In a recent hands-on comparison, YouTuber Nichonauta tested multiple distilled versions of the Qwen 3.5 9B language model against the original, using a practical programming challenge: building a Tetris game. The results were stark—every distilled model underperformed, producing buggy or incomplete code, while the original model delivered a working solution.
"The distilled models were a disaster," Nichonauta noted, highlighting that despite claims of efficiency gains through techniques like speculative decoding and fine-tuning, the trade-off in quality was severe.

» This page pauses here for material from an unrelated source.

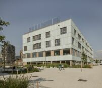 Die Erschließung erfolgt über die Aula und zwei Kerne, die alle Cluster und Departments verbinden. Die Grundkonstruktion besteht aus einem Betonskelett, Holzoberflächen und freundliche Pastellfarben bestimmen den Raumcharakter im Gebäudeinneren. Das Untergeschoss nimmt drei Turnhallen auf, die durch große Innenverglasungen von der Aula aus einsehbar sind. Ein zweiter, straßenseitiger Zugang ermöglicht eine externe Nutzung dieses Sportbereichs. Metallpaneele bilden die Fassade.
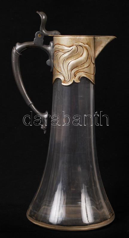Leírás: WMF szecessziós karaffa, fém tetővel, üvegen apró karcolással, m:27 cm / WMF Art Nouveau carafe

The video, published May 1, 2026, systematically evaluates versions including Qwen 3.5 9B Original, several distilled variants (e.g., Omnicoder), and fine-tuned iterations. Nichonauta found that benchmarks often misrepresent real-world performance: distilled models scored well on synthetic tests but failed on an actual development task.
Key observations:
- The original Qwen 3.5 9B produced a fully functional Tetris game with correct logic and rendering.
- Distilled models either crashed, generated incorrect game mechanics, or omitted critical features.
- Results underscore that compression techniques may sacrifice reliability, especially for code generation.
The creator advises developers to test models on their specific use cases rather than relying solely on published benchmarks. For programming tasks, the original model remains the safest choice until distillation methods improve.